Adoption of an AI-enabled tool requires critical appraisal of its life cycle from development to implementation, with careful consideration of the existing scientific evidence supporting its clinical utility. However, standardized objective metrics to quantitate AI quality and clinical utility are currently lacking, limiting the fair and accurate evaluation and comparison of different AI-enabled tools, especially when multiple products exist for the same clinical task.7
These are not new issues as they also affect other medical imaging software products, but the number and diversity of AI-enabled tools suddenly now hitting the market makes it a timely moment to consider practical and unbiased ways of assessing such tools. Thus, the ASFNR/ASNR has created an AI workshop technology working group with the goal of providing a practical approach for evaluating the potential effectiveness of AI technology in clinical practice.
Toward this goal, here we introduce an evaluation system using hierarchal levels of evidence that reflect the rigor of scientific data (Figure). Demonstration of clinical efficacy and value, at the pinnacle of this evaluation system, is the most important factor for clinical adoption.
Different points in the imaging workflow can be augmented by AI-enabled tools, with a range of clinical applications including but not limited to administrative, operational, patient, and image centered tasks.8⇓-10 For the purposes of this white paper, the hierarchal levels of evidence system is most useful for imaging and patient-related AI applications. However, the main principles can be generalized to other applications.
Finally, the radiologist continues to be an instrumental gatekeeper of patient care quality and safety, particularly now as we enter the era of AI. As clinical domain experts, radiologists provide important oversight on the effective use of AI software in the clinical setting.11 To better position the radiologist in this role, this white paper presents a structured method of guidance on the critical appraisal of AI software using the levels of evidence system.
Levels of Evidence
To date, there are no agreed upon levels of evidence needed for the evaluation of AI-enabled tools; thus, the already established medicine model provides a practical starting point for the development of such a systematic process.12 We propose a hierarchy of levels of evidence reflecting the critical elements of an AI product’s life cycle from development to the clinical implementation phase (Figure).
The two levels at the base of the hierarchy, levels 6 and 7, are considered fundamental requirements that an AI product must meet before further consideration for implementation in the clinical workflow. For example, an AI product must comply with current legal and regulatory requirements (level 7) such as Health Insurance Portability and Accountability Act (HIPPA) and FDA clearance. Thereafter, it must be compatible with the information technology infrastructure (level 6) at the site where it will be deployed, before proceeding with other requirements listed in the hierarchy.
Further description of the levels of evidence from 1 to 7 is detailed below, with level 1 denoting the highest quality and strongest evidence for potential impact on patient care and health care outcomes. In addition, Table 1 provides an abbreviated summary, while Table 2 provides an expanded summary of each component of the evaluation system.

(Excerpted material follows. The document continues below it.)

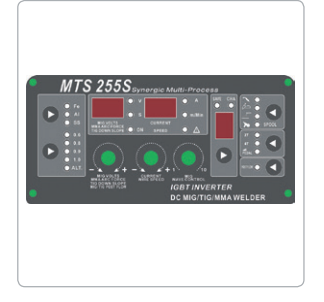
Digital Panel for Full Control
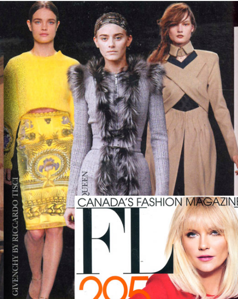
GIVENCHY BY RICCARDO TISCI

Data Quality and AI Model Development
AI models should be developed from data that are large, diverse, and reflective of the intended population. However, in practice, access to comprehensive and “big” data is challenging, and training is often performed on limited data.13 This introduces bias that can affect reproducibility, generalizability, and performance outside the data range on which the model was trained. Thus, peer-reviewed publications including information on the source and characteristics of the data used to train, validate, and test the AI model can help end-users determine overall compatibility with the target patient population of interest.14⇓-16
AI companies and developers do not typically publicly report detailed information on data used to develop or validate algorithms, despite having undergone the necessary FDA clearance process, limiting the ability of end-users to make informed decisions about these products. Thus, the emphasis on more than 1 peer-reviewed publication in this white paper encourages some level of independent, critical, and structured analysis to provide scientific evidence for verifying the intended use and clinical impact of the AI product.
At the very least, even if a product does not meet this level of evidence expectation, it is most responsible for a company to provide information about their patient population, including demographic characteristics, model development and validation methods, and indicators of statistical efficacy. Purchasers and end-users should expect and require statistical evidence and, preferably, consider these levels of evidence as indicators for the strength of a tool’s methodological quality of design, validity, and applicability to patient care.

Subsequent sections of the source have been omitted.